### 🚫 Remove Cell Lines Not Present in Expression Matrix

Some cell lines in the GDSC drug response data do not appear in the single-cell expression matrix. To ensure consistent alignment and avoid missing PCA values later, we remove these unmatched rows before merging.


In [1]:
import polars as pl

# Load GDSC drug response dataset
gdsc_bulk = pl.read_parquet("../../data/gdsc/gdsc_final_cleaned.parquet")

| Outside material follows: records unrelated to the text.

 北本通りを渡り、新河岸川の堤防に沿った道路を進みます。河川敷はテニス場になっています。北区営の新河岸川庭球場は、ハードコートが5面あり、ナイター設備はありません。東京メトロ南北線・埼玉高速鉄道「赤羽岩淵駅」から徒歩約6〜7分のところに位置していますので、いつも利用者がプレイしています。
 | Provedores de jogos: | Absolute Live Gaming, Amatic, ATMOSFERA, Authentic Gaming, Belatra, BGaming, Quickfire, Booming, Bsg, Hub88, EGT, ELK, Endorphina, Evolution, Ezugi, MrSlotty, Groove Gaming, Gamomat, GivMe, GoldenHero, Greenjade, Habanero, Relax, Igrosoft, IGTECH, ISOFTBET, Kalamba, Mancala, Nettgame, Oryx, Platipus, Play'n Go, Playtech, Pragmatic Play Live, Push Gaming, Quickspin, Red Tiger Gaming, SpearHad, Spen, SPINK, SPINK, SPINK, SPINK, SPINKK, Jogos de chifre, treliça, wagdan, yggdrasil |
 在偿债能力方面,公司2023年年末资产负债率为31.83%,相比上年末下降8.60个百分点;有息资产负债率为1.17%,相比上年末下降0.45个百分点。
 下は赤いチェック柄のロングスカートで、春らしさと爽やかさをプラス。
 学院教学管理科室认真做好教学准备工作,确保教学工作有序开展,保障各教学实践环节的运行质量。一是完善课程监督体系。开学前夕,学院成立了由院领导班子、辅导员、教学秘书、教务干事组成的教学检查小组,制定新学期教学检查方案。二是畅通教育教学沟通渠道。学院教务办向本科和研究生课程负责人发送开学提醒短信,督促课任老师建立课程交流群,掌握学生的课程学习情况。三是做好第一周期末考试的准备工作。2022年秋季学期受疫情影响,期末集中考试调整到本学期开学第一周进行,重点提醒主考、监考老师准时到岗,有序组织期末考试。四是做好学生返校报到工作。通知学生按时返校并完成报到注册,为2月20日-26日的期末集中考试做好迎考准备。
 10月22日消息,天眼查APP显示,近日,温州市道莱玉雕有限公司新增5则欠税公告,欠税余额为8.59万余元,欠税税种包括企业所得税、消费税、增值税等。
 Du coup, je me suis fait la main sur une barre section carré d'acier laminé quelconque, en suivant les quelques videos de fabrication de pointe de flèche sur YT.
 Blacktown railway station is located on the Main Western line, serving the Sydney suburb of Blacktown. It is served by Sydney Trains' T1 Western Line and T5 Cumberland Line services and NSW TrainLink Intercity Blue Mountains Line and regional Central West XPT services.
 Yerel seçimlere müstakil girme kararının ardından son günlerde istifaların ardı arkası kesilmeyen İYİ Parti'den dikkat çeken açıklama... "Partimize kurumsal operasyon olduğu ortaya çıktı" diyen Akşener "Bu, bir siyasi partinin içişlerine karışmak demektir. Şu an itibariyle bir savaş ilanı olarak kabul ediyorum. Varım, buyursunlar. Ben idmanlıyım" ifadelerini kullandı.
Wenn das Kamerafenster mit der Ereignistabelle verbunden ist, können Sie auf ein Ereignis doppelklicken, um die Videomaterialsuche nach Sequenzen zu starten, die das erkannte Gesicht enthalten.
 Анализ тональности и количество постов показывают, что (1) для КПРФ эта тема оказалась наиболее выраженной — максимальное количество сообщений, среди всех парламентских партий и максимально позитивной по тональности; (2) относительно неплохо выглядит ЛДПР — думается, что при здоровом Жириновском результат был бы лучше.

# Load single-cell gene expression (transposed version)
# We'll just extract the first row to get cell line names (i.e., column names from original matrix)
cell_expr_df = pl.read_parquet("../../data/sc_data/rnaseq_fpkm.parquet")
expr_cell_lines = cell_expr_df.columns[5:]  # Skip first 5 non-gene columns (SANGER_MODEL_ID, etc.)

print(f"🧬 Cell lines with gene expression data: {len(expr_cell_lines)}")

# Keep only GDSC rows where cell line has expression
gdsc_filtered = gdsc_bulk.filter(pl.col("SANGER_MODEL_ID").is_in(expr_cell_lines))

print(f"✅ GDSC rows before filtering: {gdsc_bulk.shape[0]}")
print(f"✅ GDSC rows after filtering:  {gdsc_filtered.shape[0]}")
print(f"🧹 Removed {gdsc_bulk.shape[0] - gdsc_filtered.shape[0]} unmatched cell line rows.")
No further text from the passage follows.